◆ EXERCISE REQUIREMENTS: Could you return all of the records exactly, minus their images?

◆ DATASET:
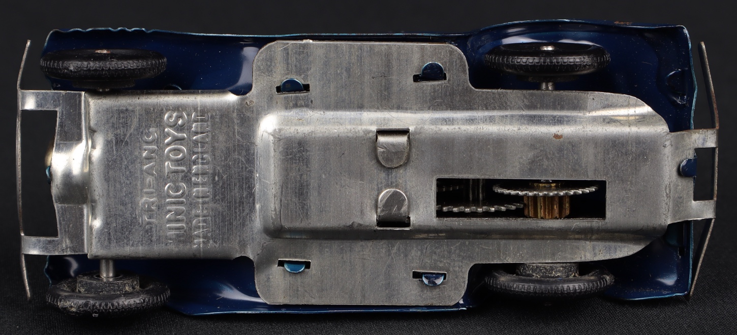 Shiny radiator and solid black wheels/tyres. Complete bumpers front and rear. Working clockwork motor.
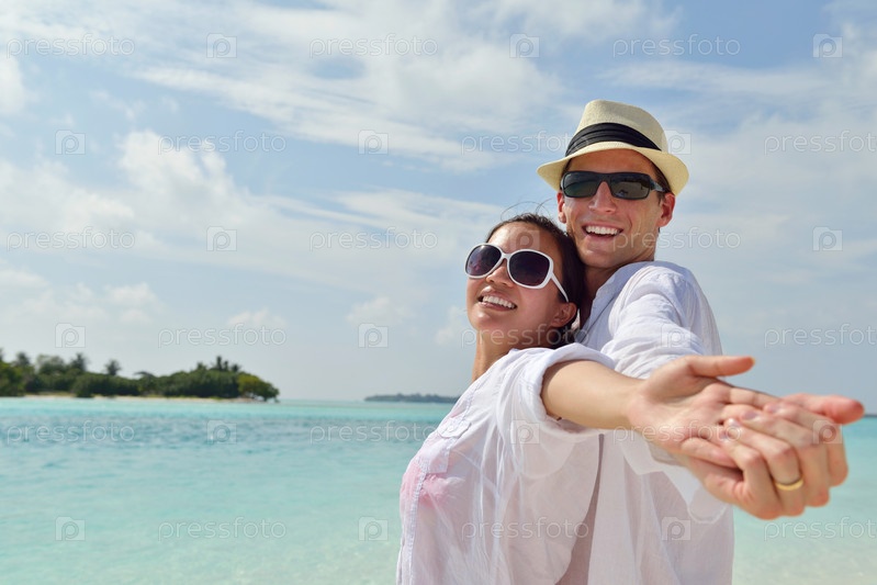 Счастливая молодая пара весело проводит время на пляже
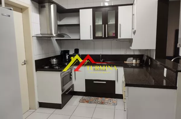 COZINHA INTEGRADA COM SACADA AMPLA COM CHURRASQUEIRA E PIA.
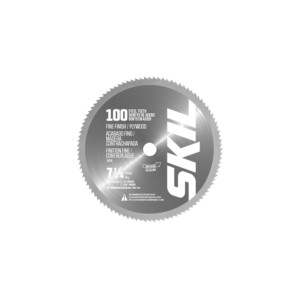 The SKIL 7-1/4 In. 100-Tooth Plywood Circular Saw Blade is designed to cut through hardwood, soft wood, and plywood, and its 100-tooth construction provides a smooth finish when cutting across the grain in all wood types up to 1 ¼ inches thick. A clear, anti-stick coating reduces friction and heat with less bogging down. The coating also prevents rust and oxidation, keeping the blades fresh and ready for use. Its diamond knockout arbor allows you to choose between a traditional 5/8-inch arbor or diamond-shaped knockout for compatibility with a wider range of corded and cordless circular saws. This bulk pack includes 25 blades.
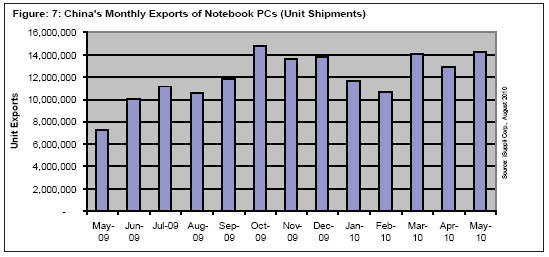 據iSuppli公司,由于第二季度全球對筆記本電腦的需求強勁,中國5月筆記本電腦出口量創下紀錄高位,幾乎是2009年5月的兩倍。
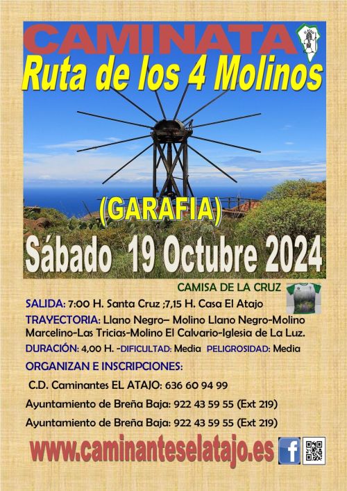 El sábado 19 de octubre, el C. D. de Caminantes "El Atajo" y la Concejalía de Deportes del Ayuntamiento de Breña Baja organizan, dentro del Programa de Senderismo de Breña Baja, la caminata nº 901 "Ruta de los 4 Molinos", en el municipio de la Villa de Garafía.

◆ FINISHED TASK:
 Shiny radiator and solid black wheels/tyres. Complete bumpers front and rear. Working clockwork motor.
 Счастливая молодая пара весело проводит время на пляже
 COZINHA INTEGRADA COM SACADA AMPLA COM CHURRASQUEIRA E PIA.
 The SKIL 7-1/4 In. 100-Tooth Plywood Circular Saw Blade is designed to cut through hardwood, soft wood, and plywood, and its 100-tooth construction provides a smooth finish when cutting across the grain in all wood types up to 1 ¼ inches thick. A clear, anti-stick coating reduces friction and heat with less bogging down. The coating also prevents rust and oxidation, keeping the blades fresh and ready for use. Its diamond knockout arbor allows you to choose between a traditional 5/8-inch arbor or diamond-shaped knockout for compatibility with a wider range of corded and cordless circular saws. This bulk pack includes 25 blades.
 據iSuppli公司,由于第二季度全球對筆記本電腦的需求強勁,中國5月筆記本電腦出口量創下紀錄高位,幾乎是2009年5月的兩倍。
 El sábado 19 de octubre, el C. D. de Caminantes "El Atajo" y la Concejalía de Deportes del Ayuntamiento de Breña Baja organizan, dentro del Programa de Senderismo de Breña Baja, la caminata nº 901 "Ruta de los 4 Molinos", en el municipio de la Villa de Garafía.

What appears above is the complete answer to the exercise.